A mio parere la differenza rispetto alle società preindustriali non è tanto il tempo effettivo che il lavoratore comune (contadino o artigiano) dedicava al lavoro, che non era inferiore a quello di oggi, ma lo spirito del lavoro, o meglio del mestiere, che il lavoratore padroneggiava e da cui non era padroneggiato: l'uomo premoderno amava il proprio lavoro ma non amava lavorare, la differenza è abissale.
Ma soprattutto il fatto che il lavoro non fosse un valore: la cosa più sconcertante di oggi è che i ricchi, coloro che potrebbero tranquillamente evitare di lavorare, si vantano di lavorare sodo, accumulando ricchezze di cui poi non sanno cosa farsene, anzichè vivere di rendita godendosi la vita, cosa che non possono fare perchè oggi la vita al di fuori di produzione e consumo non esiste ("Bisogna rimettere in moto il Paese").
In fondo, sono dei poveracci anche loro, nè più nè meno di noi.
arcadianet.blogspot.com
simone.org (Registered) 01-05-2008 16:03

Quanto mi piacciono questi discorsi!
La cosa che mi fa più morire poi è la mitizzazione del lavoro come mezzo per realizzarsi!
Io dico che se un'attività ci gratifica e permette la realizzazione personale allora non è lavoro; viceversa se è lavoro vuol dire che alla base c'è costrizione per cui non può esserci realizzazione personale.
syn (Registered) 01-05-2008 16:21

Daccordissimo con max.

Diceva Dewey "in una società davvero libera e democratica, i lavoratori dovrebbero essere padroni del loro destino, non strumenti affittati dai datori di lavoro.

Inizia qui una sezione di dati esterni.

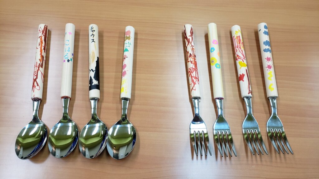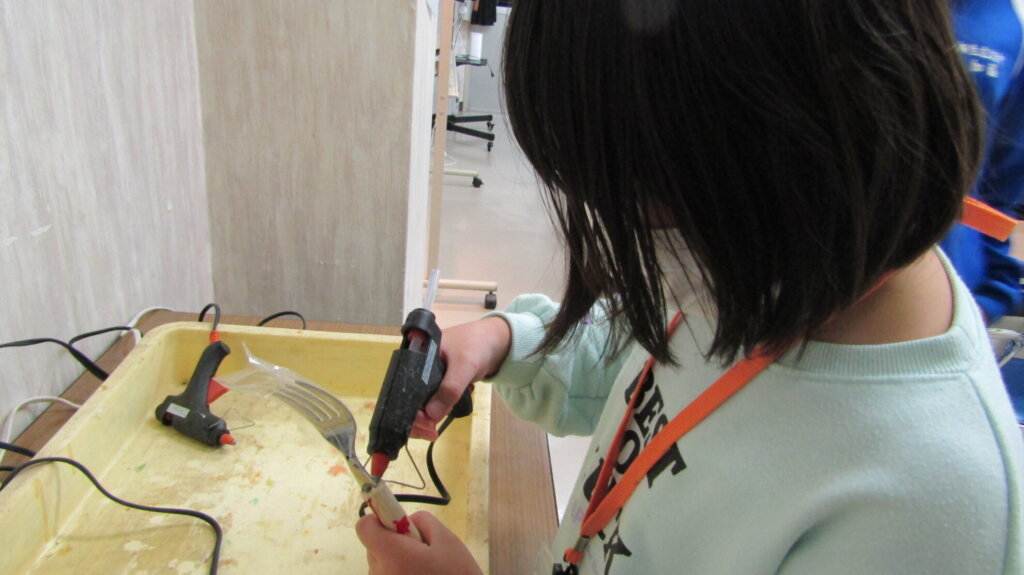 スプーン・フォークの部分をホットボンドでしっかりくっつけたら

Perciò l%u2019industria, le aziende devono passare %u201Cda un ordine feudale ad uno democratico%u201D, basato sul controllo da parte dei lavoratori e sulla loro libera associazione, classici ideali anarchici che affondano le loro radici nel liberalismo classico e nell%u2019Illuminismo. E l%u2019istruzione, secondo lui, doveva essere uno dei mezzi per mettere in discussione questa mostruosità assolutista. Oggi, dopo molti altri decenni di assalto del potere privato, questi valori libertari fondamentali suonano esotici ed estremi, forse anche... antiamericani, per usare uno dei termini del pensiero totalitario odierno in Occidente".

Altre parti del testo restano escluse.